Information regarding the current Multifamily market in Sarasota County, FL — Some strong logic in the data as to why you should use a local commercial real estate agent who has their finger on the pulse of the local market…
Rents fall as concessions become widespread
The Concord, a 257-unit apartment complex completed in March 2025 in Sarasota, Florida. (CoStar)
Sarasota, Florida’s multifamily market is under pressure as new construction outpaces renter demand, driving vacancy rates to their highest levels in nearly a decade.”
As of the third quarter of 2025, the market’s vacancy rate stands at 16.6%, up 200 basis points year over year and among the highest on Florida’s West Coast. Nearly every multifamily area has a double-digit vacancy rate, with several exceeding 20%.
Over the past year, Sarasota has added roughly 4,500 units, bringing the three-year total to 12,000, approximately 25% of the market’s inventory.

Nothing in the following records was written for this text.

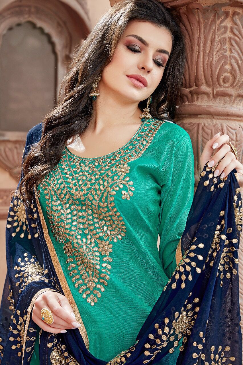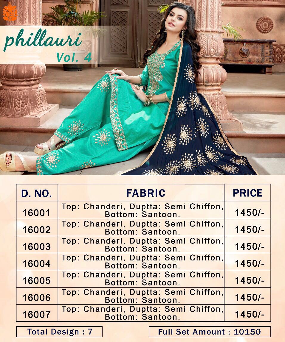 We are presenting Phillauri Vol - 4 after the Great Success of Phillauri Vol-3. New stylish Gota Patti Patterns Salwar Suit with *Contrast Dupatta Concept and Gota patti work on bottom. Catalog------Phillauri Vol - 4 Fabrics----- Top - Chanderi Bottom - Santoon Dupatta - Semi-Chiffon Rate--1450/- + 5% GST Extra TypeÂ?-Unstitch Top and Bottom with Gotta Patti Work Set to set . GST 5 Percent Extra. |
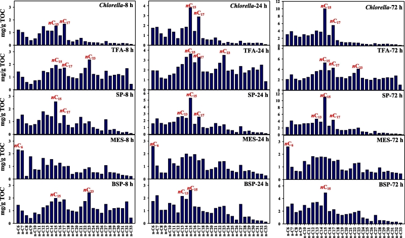 图4. 在不同裂解时间下,小球藻及其NHC组分产生的正构烷烃(n-C6-33)含量。
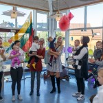 Visi linksmai padainavo Artūro Petruokos ir Algirdo Lukšio mokyklos dainą – himną „Abėcėlė“.
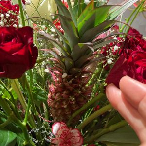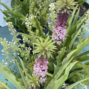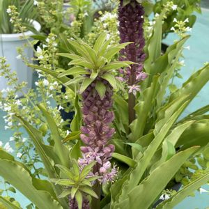 パイナップルリリー ユリ科ユーコミス属 多年草 別名はユーコミス、星万年青(ホシオモト) 南アフリカ原産 ユーコミスとはギリシャ語で「美しい頭の毛」という意味である。 草丈40〜80cm 太い花茎を真っ直ぐに伸ばし、花茎の上部に多数の小花を咲かせる。 花は直径2cm前後で、6枚の花弁を持って星形状に開いて、花茎をおおうように直立する。 茎頂には葉状の苞が放射状に付く。 花色は白、緑、ピンク、薄紫など。
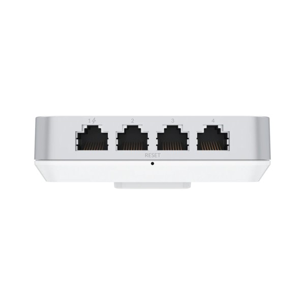 К Интернету U6 In-Wall подсоединяется гигабитным портом на прилегающей к стене панели. Питание осуществляется по этому же порту в пассивном режиме PoE.
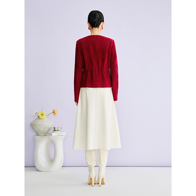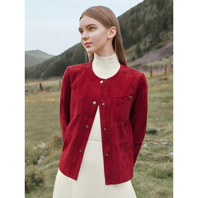 YINER音儿2026春季新款时尚简约短款圆领反绒羊皮真皮皮衣夹克
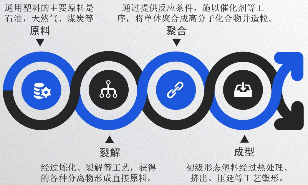 通用塑料门下主要包括聚乙烯(PE)、聚丙烯(PP)、聚氯乙烯(PVC)、聚苯乙烯(PS)与丙烯腈-丁二烯-苯乙烯共聚树脂(ABS)等商品。虽然其内涵与成员会随着科学技术的发展而有所变化,但其“通用”之名的核心共同点无外乎应用广泛、价格低廉、产量大。无论作为生活必需品,还是在工业生产中,亦或是作为金融产品,都有着无可取代的重要地位,故又称之为大宗塑料品种。

Another 4,000 units remain under construction, though new starts have slowed considerably. Just 1,200 units broke ground in the first half of 2025, down from over 1,400 units in the second quarter of 2024 alone. If construction timelines hold, completions will taper to around 4,100 units this year, about 85% of the historic completion volume in 2024.
The surge in supply has had a cascading impact on rent growth. Asking rents are down negative 5.1% year over year to $1,930 per month, compared to a 1.0% increase nationally. Effective rents have declined even further, as concessions become more widespread. Roughly half of Sarasota’s multifamily properties are offering concessions, with lease-up properties commonly advertising one to two months of free rent and other perks to offset moving costs.

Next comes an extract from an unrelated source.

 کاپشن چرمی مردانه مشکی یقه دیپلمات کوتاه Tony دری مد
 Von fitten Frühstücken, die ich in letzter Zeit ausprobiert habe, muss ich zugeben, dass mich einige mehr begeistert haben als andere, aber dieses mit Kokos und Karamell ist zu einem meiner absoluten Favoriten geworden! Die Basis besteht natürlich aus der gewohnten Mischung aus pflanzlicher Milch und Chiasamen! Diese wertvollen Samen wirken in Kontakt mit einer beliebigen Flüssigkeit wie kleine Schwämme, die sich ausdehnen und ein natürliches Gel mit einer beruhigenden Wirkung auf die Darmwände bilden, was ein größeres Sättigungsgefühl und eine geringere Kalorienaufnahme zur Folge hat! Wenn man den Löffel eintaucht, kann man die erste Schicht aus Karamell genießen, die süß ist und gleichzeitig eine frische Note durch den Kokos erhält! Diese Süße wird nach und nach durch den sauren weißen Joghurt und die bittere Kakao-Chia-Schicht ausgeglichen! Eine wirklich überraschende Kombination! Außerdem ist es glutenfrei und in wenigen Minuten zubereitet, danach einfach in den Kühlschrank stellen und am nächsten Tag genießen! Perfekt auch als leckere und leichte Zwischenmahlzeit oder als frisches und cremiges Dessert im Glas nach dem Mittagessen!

Higher quality four- and five-star properties are seeing the sharpest rent reductions, with asking rents down 6.3% to $2,090 per month. Multifamily areas with the largest supply and demand gaps have experienced some of the most pronounced drops in pricing. In Lakewood Ranch, where completions have outpaced demand at a two-to-one ratio, asking rents are down nearly 5%.
While the vacancy rate remains elevated, renter demand has improved over the past several quarters. The market absorbed 3,000 units over the trailing 12-month period, up from 1,100 units absorbed over the previous 12 months. The vast majority of demand, 2,800 units, was concentrated in four- and five-star properties.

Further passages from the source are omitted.